Add unit tests as outlined in the Running Unit Tests.
Update documentation / docstrings / example tutorials as needed, according to Writing Documentation.
Provide throughput / latency benchmark results and accuracy evaluation results as needed, according to Benchmark and Profiling and Accuracy Results.

gemini-code-assist

Summary of Changes

Hello @CaoE, I'm Gemini Code Assist¹! I'm currently reviewing this pull request and will post my feedback shortly. In the meantime, here's a summary to help you and other reviewers quickly get up to speed!

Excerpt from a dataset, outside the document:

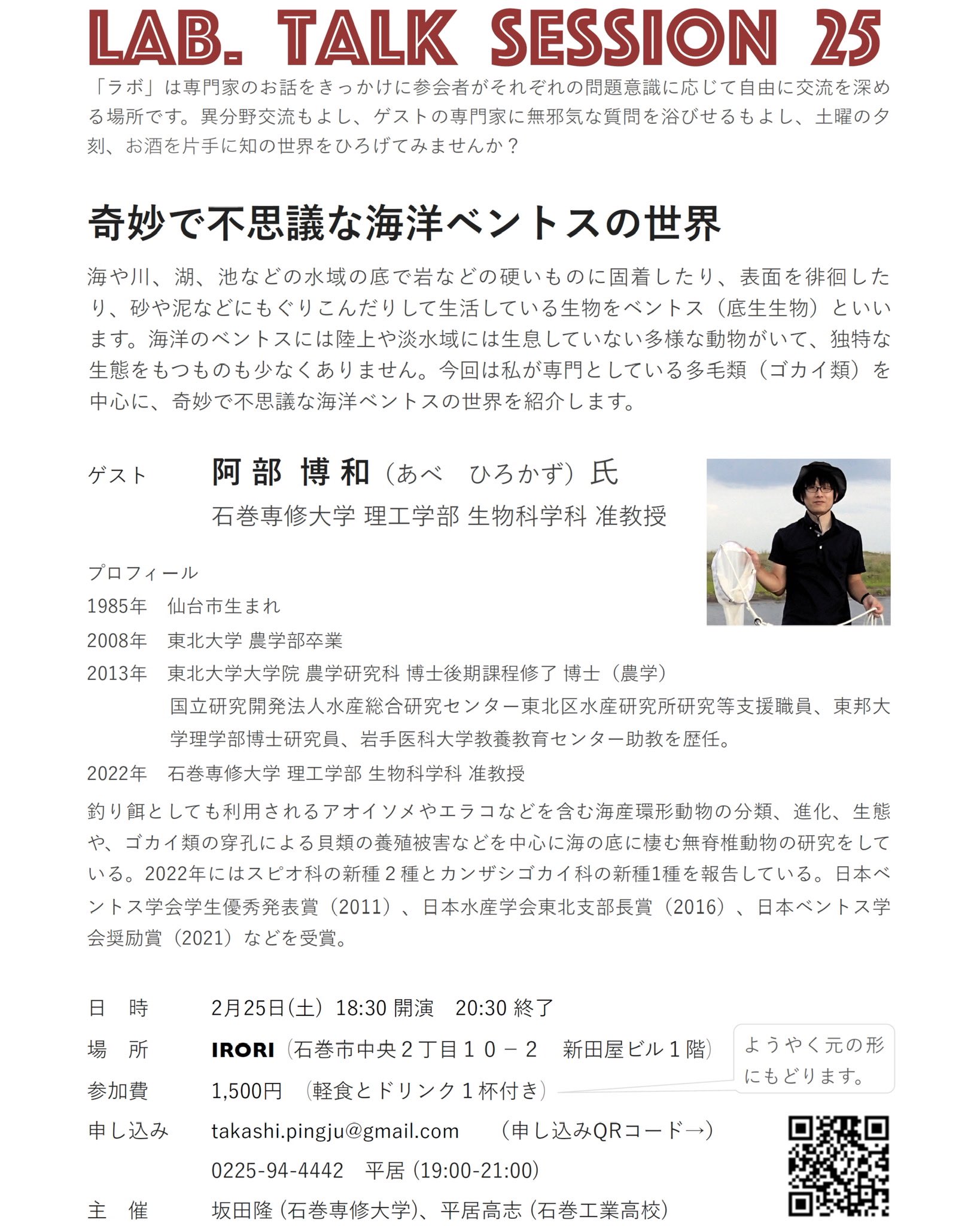 2月25日(土)IRORI石巻にて、阿部博和准教授(#海洋ベントス学研究室)によるトークセッションが行われます。

This pull request significantly enhances the SGLang runtime by integrating torch.compile support for CPU inference. The primary goal is to minimize Python overhead during model execution on CPU, mirroring the performance benefits previously achieved with CUDA graphs. This involves extensive modifications to enable graph capture, ensure compatibility with custom kernels and parameter types, and streamline distributed operations within a compiled environment, ultimately leading to more efficient CPU model execution.

Highlights

CPU Graph Runner Integration: Introduced a generalized GraphRunner (formerly CudaGraphRunner) to enable graph capture and replay for CPU inference, leveraging torch.compile to reduce Python overhead. This involves adapting the existing CUDA graph infrastructure to support CPU-specific optimizations.
torch.compile Compatibility for Custom Kernels: Added a new module (cpu_register_fake.py) that registers 'fake' implementations for various custom sgl_kernel CPU operations. This crucial step allows torch.compile to correctly trace the computational graph involving these operations without needing their actual execution during compilation, enabling end-to-end optimization.
Enhanced Parameter Handling for torch.compile: Extended ChannelQuantScaleParameter with necessary __tensor_flatten__, __torch_dispatch__, and copy methods. These additions ensure that custom torch.nn.Parameter subclasses are properly handled and optimized by torch.compile's graph tracing mechanism.
Distributed Operations and torch.compile Alignment: Adjusted the shm_allreduce operation and registered a fake shm_allgather to ensure seamless compatibility with torch.compile when distributed operations are performed on CPU, preventing tracing errors and enabling optimization of communication primitives.
General torch.compile Infrastructure Improvements: Included various minor fixes and enhancements across the codebase, such as adjusting torch._inductor configurations for CPU, improving memory capacity reporting for CPU, and handling context managers during compilation to prevent tracing issues and improve robustness.

Using Gemini Code Assist

The full guide for Gemini Code Assist can be found on our documentation page, here are some quick tips.

Invoking Gemini

You can request assistance from Gemini at any point in your pull request via creating an issue comment (i.e. comment on the pull request page) using either /gemini <command> or @gemini-code-assist <command>. Below is a summary of the supported commands.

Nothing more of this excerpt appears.